The goal in our study was to provide the hospital staff with more attentions into the value of the MEWS in predicting their patients’ prognosis and thereby increase the awareness and protocol adherence.
Methods
Research center
The retrospective observational study and prospective confirmatory study were conducted in a large urban hospital medical center (Guangdong Provincial People’s Hospital) where there are 110,000 admissions per annum in China.
Patient choice
In the 183-month inclusion period from January 2000 to March 2015, all post-Whipple surgery patients who were in the hospital at 07:00/10:00/13:00/16:00/19:00 and in the department of general surgery were included. Patients 18 years and older with more than one overnight stay were included. The Ethics Committee of Guangdong Academy of Medical Sciences Medical Center approved the study, and the necessity for informed consent was waived.
Data collection
According to the protocol, each time the vital parameters of the patients were obtained, the nurses were requested to record the vital parameters in the electronic system and determine the MEWS. The MEWS measurements could be repeated any time during the patients’ hospitalization by the nurses and doctors, and all the vital parameters were used for analysis. The professional investigators checked the charts of all included patients and determined whether the MEWS was documented and calculated correctly. We discarded all the incomplete data sets of vital signs and only included the complete set of vital signs measured at a given time, including respiratory rate (RR), heart rate (HR), systolic blood pressure (SBP), and temperature (TEM). Scores were recalculated by investigators using available data in the charts. Moreover, we found out all the patients’ post-operation regression and then calculated the relationship between the scores and the regression.
Follow-up
If the post-Whipple patients have bleeding, infection, pancreatic leakage, bile leakage, intestinal leakage, gastric emptying disorder, hypoalbuminemia, ICU admission, or died, we defined them has postoperative complications. All patients admitted during the study period were followed up from admission to final events after inclusion. Also, patients were followed up for 30 days after discharge to obtain information about the last events.
Advanced models
To further verify the accuracy of the MEWS, we used some more advanced models and algorithms for verification. It is necessary for a dichotomous problem to judge whether the patient with or without adverse events is based on the patient’s vital parameters. We divided the database, which includes 13,651 sets of vital parameters, into a 75% training set (n=10,238) and a 25% test set (n=3,413). By learning the known sample training set, the binary classification algorithm finds the classification rules and predict the category of new data.

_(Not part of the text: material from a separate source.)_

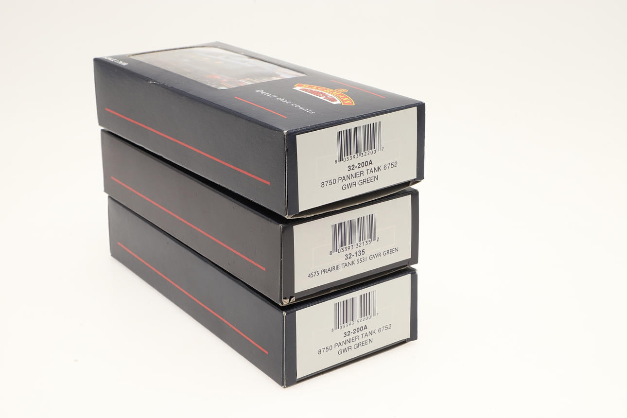 Tres locomotoras en caja que incluyen 32-135 4575 Prairie Tank y 32-200 a 8750 Pannier Tank (x2). Cajas de 21 cm x 9 cm. (3).

At present, there are classification algorithms such as support vector machine (SVM), backpropagation (BP) artificial neural network (ANN), decision tree (DT), and so on.
SVM model
SVM is used to solve the problem of linear separability (Figure 1A). If in the case the data is linearly inseparable, SVM will move from a low-dimension input space to a higher dimension space using a nonlinear mapping algorithm (Figure 1B). The use of a higher dimension makes a linear analysis of nonlinear characteristics in the sample possible. It is also based on the structural risk minimization theory to construct the best hyperplane in the feature space so that the learner is globally optimized, and the expectation in the entire sample space meets specific upper bound with some probability. We set up the RR, HR, SBP, and TEM as vectors in four different dimensions. Each set of data has four different vectors and one outcome variable.
ANN model
BP ANN is a multilayer feedforward network trained by error BP (Figure 1C). Its basic premise is a gradient descent method. The basic BP algorithm includes the forward propagation of signal and backward propagation of error. The error output is calculated in the direction from input to output, while the weight and threshold are adjusted in the direction from output to input. In the forward propagation, the input signal acts on the output node through a hidden layer. After the nonlinear transformation, the output signal is generated. The error BP is transmitted back to the output error back layer by layer to the input layer through the hidden layer and distributes the error to all the units in each segment. By adjusting the connection strength of the input node and hidden layer node, and the connection strength and threshold value of the hidden layer node and the output node, the error decreases along the gradient direction. After repeated learning and training, the network parameters (weights and thresholds) corresponding to the minimum error are determined, and the practice is stopped. At this point, the trained neural network can process the non-linear transformation information with the minimum output error for the input information of similar samples.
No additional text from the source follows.